It has been suggested that I prefer the Canadian-type healthcare system over our own American system. From an economic-business-political-ideological policy perspective, I can understand how one might reach that conclusion. However, although the different analyses and conclusions which fall within its domain are what currently guide the creation of legislation pertaining to our American healthcare system, this perspective needs to be replaced (as our guide) because not only is it not based on the medicine of medicine, the doctor patient relationship, it actually thwarts development of same and makes this fundamental essence of health care the servant of economic-business-political-ideological policy.

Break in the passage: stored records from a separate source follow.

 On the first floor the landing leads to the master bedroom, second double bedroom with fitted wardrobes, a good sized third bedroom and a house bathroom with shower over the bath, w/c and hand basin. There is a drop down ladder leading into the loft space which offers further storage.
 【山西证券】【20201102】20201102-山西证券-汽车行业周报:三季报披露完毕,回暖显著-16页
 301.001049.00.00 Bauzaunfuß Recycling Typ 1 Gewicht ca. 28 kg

Thus, I am directly opposed to the Canadian system, which keeps costs in check in part by controlling the supply of certain services– for example, imaging and surgical facilities and the specialist physicians necessary to carry out the procedures. The result is the growth of waiting lists for some procedures. (“Privatizing health care is not the answer: lessons from the United States” by Marcia Angell MD CMAJ October 21, 2008 179(9) (http://www.cmaj.ca/cgi/reprint/179/9/916) Thus, the payer is, in effect, practicing medicine instead of simply administering payment of the bill for medical decision making, which occurs within the doctor patient relationship. I do not believe that people living in any country send their money to public payers (government’s taxes) or to private payers (health insurance companies’ premiums) with the expectations that these business administrations will be making medical decisions, which is, in effect, what a waiting list is.

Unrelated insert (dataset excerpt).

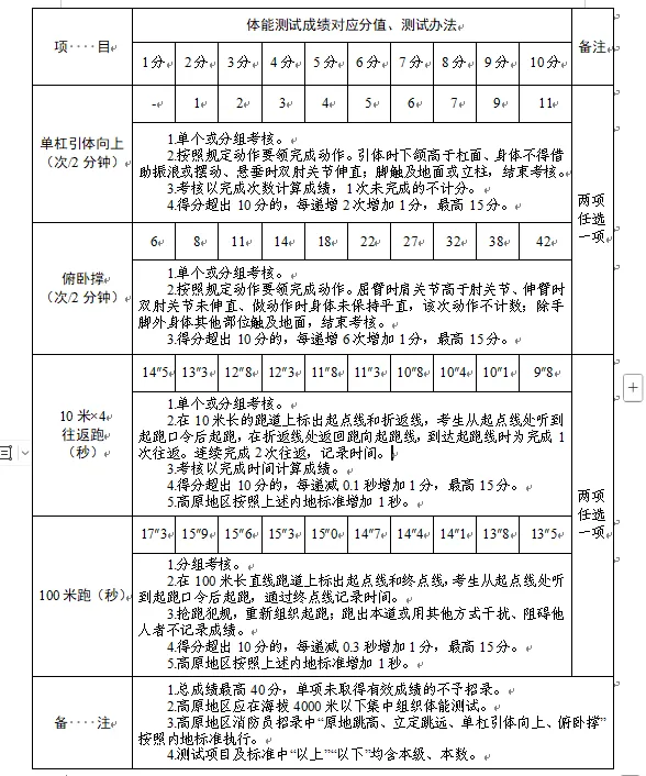 2.體能測試:(1)必考項目:1000米跑;(2)選考項目:①立定跳遠、原地跳高二選一;②單杠引體向上、俯臥撐二選一;③10米×4往返跑、100米跑二選一;(3)注意事項:體能測試有兩項及兩項以上不得分的視為不合格(標準參照附件)。未按時(shí)參加或因身體原因無(wú)法測試者,視為自動(dòng)放棄。

As well, I am not in favor of physician entrepreneurship or entrepreneurship in general in the American healthcare system. There is a brief, instructive discussion about the dollar quest of US healthcare businesses in the article referenced above. What needs to change in the American system, for sound healthcare reform, is its underlying ethos, its aspirations. The dollar quest should be replaced by the quest, a demand, for the medicine of medicine, the doctor patient relationship, to be open to everyone in an affordable manner, which makes the dollar bill the servant, the fundamental support, of this demand as opposed to the opposite, which is the current state of affairs.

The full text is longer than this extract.